* **What you should do**
Under this line is some data; print exactly the lines from the one containing "Hanseküche Vorratsbehälter Set" through its last line, without pictures.

* **Exercise data**

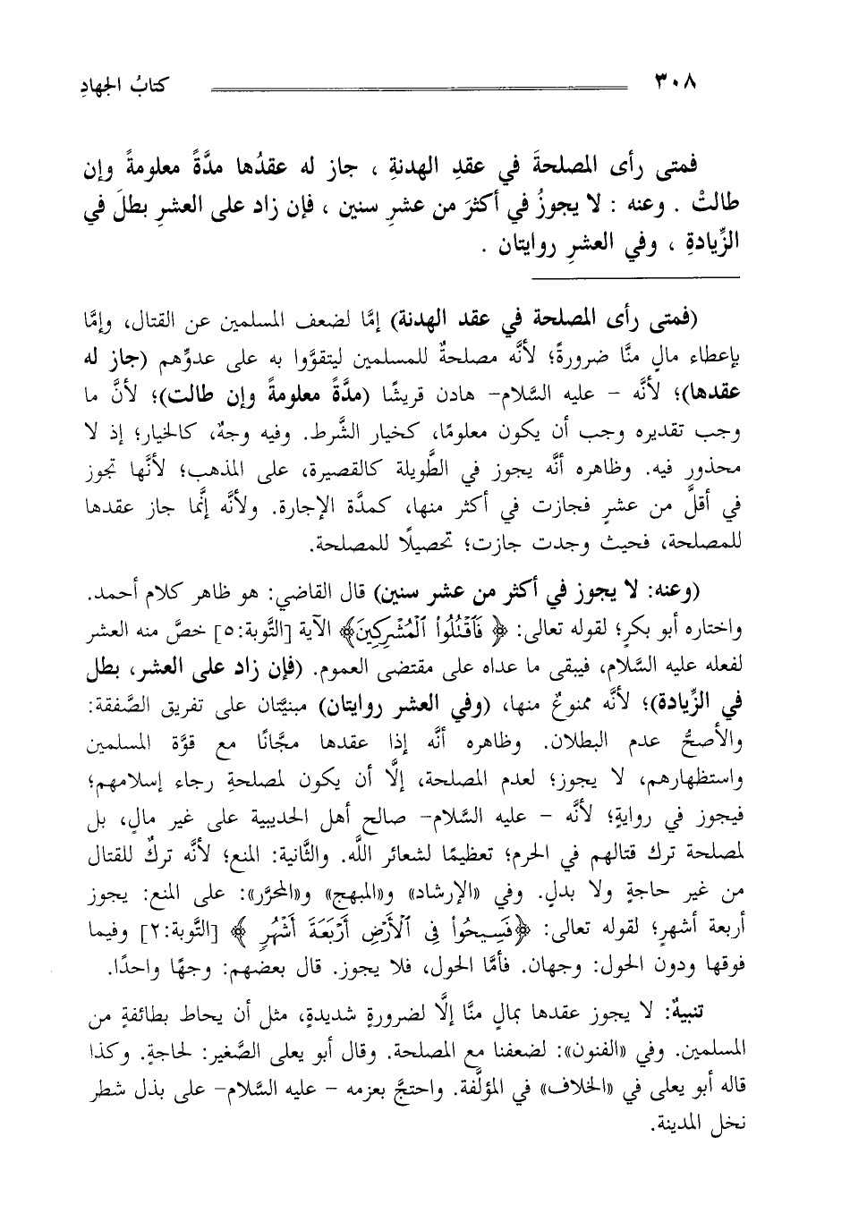 "وعنه: لا يجوز في أكثر من عشر سنين" قال القاضي هو ظاهر كلام أحمد واختاره أبو بكر لقوله تعالى: {فَاقْتُلُوا الْمُشْرِكِينَ} الآية [التوبة: 5] خص منه العشر لفعله عليه السلام فيبقى ما عداه على مقتضى العموم. "فإن زاد على العشر بطل في الزيادة"، لأنه ممنوع منها، "وفي العشر روايتان" مبنيتان على تفريق الصفقة والأصح عدم البطلان وظاهره أنه إذا عقدها مجانا مع قوة المسلمين واستظهارهم لا يجوز لعدم المصلحة إلا أن يكون لمصلحة رجاء إسلامهم فيجوز في رواية لأنه عليه السلام صالح أهل الحديبية على غير مال بل لمصلحة ترك قتالهم في الحرم تعظيما لشعائر الله والثانية المنع لأنه ترك للقتال من غير حاجة ولا بدل. وفي "الإرشاد" و"المبهج" و"المحرر": على المنع: يجوز أربعة أشهر لقوله تعالى: {فَسِيحُوا فِي الْأَرْضِ أَرْبَعَةَ أَشْهُرٍ} [التوبة: 2] وفيما فوقها ودون الحول وجهان فأما الحول فلا يجوز قال بعضهم وجها واحدا.
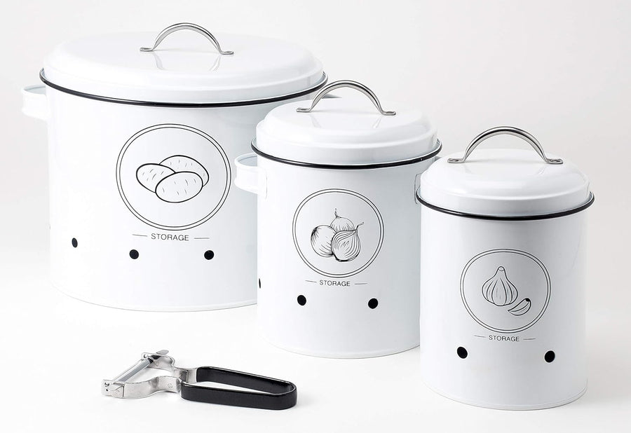 Hanseküche Vorratsbehälter Set mit Sparschäler - Hochwertiger Kartoffeltopf, Zwiebeltopf und Knoblau
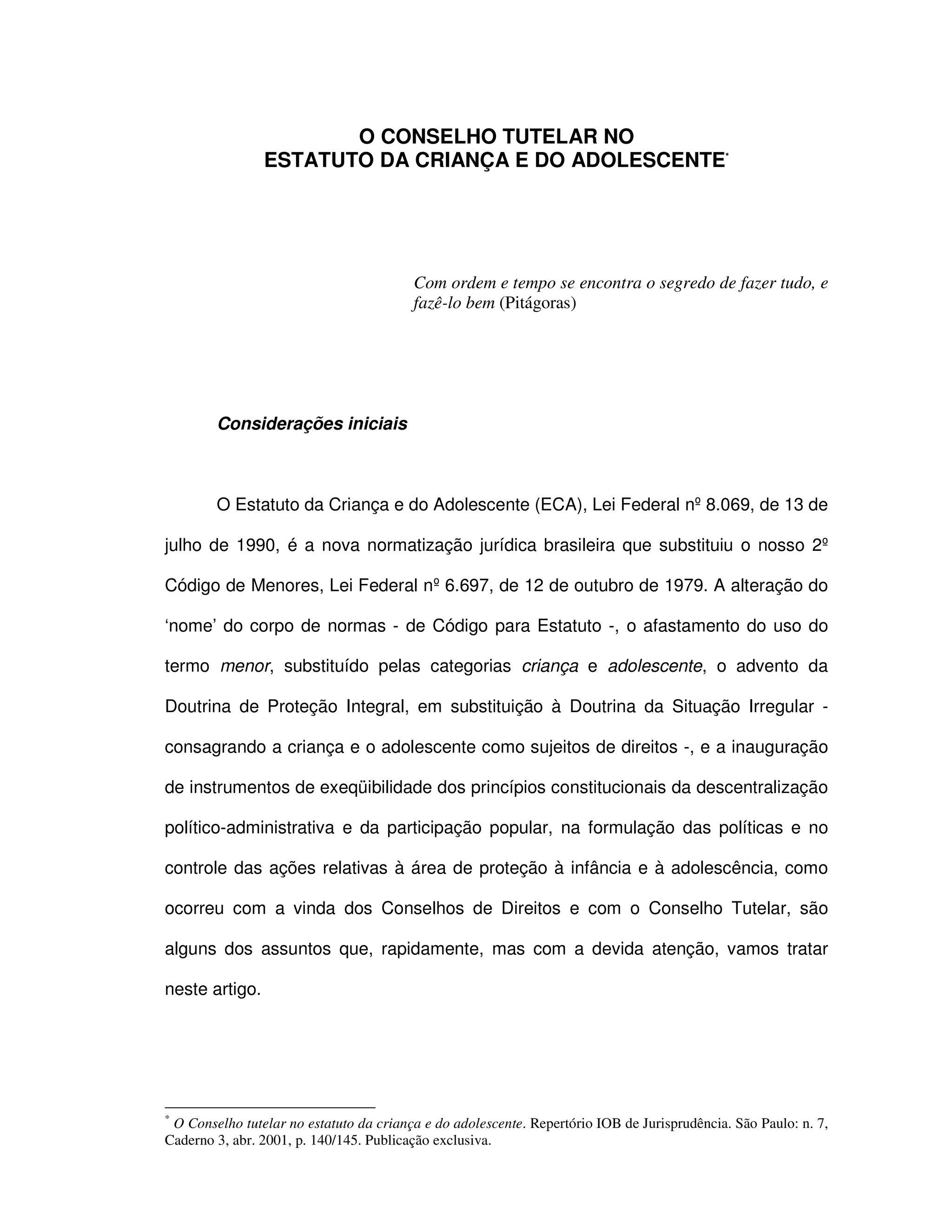 1) O documento discute o Conselho Tutelar no Estatuto da Criança e do Adolescente.
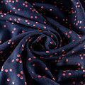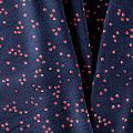 Ткань легкая и пластичная, отлично собирается в мягкие складки, красиво струится. Поверхность гладкая и шелковистая, без блеска. Не просвечивается. Подойдёт для платья, блузки, пляжной туники, топа, летних сарафанов, летящей юбки. Мелкий хаотичный горошек молочно-кораллового цвета освежается спокойный темно-синий фон вискозы.

* **Solved exercise**
 Hanseküche Vorratsbehälter Set mit Sparschäler - Hochwertiger Kartoffeltopf, Zwiebeltopf und Knoblau
 1) O documento discute o Conselho Tutelar no Estatuto da Criança e do Adolescente.
 Ткань легкая и пластичная, отлично собирается в мягкие складки, красиво струится. Поверхность гладкая и шелковистая, без блеска. Не просвечивается. Подойдёт для платья, блузки, пляжной туники, топа, летних сарафанов, летящей юбки. Мелкий хаотичный горошек молочно-кораллового цвета освежается спокойный темно-синий фон вискозы.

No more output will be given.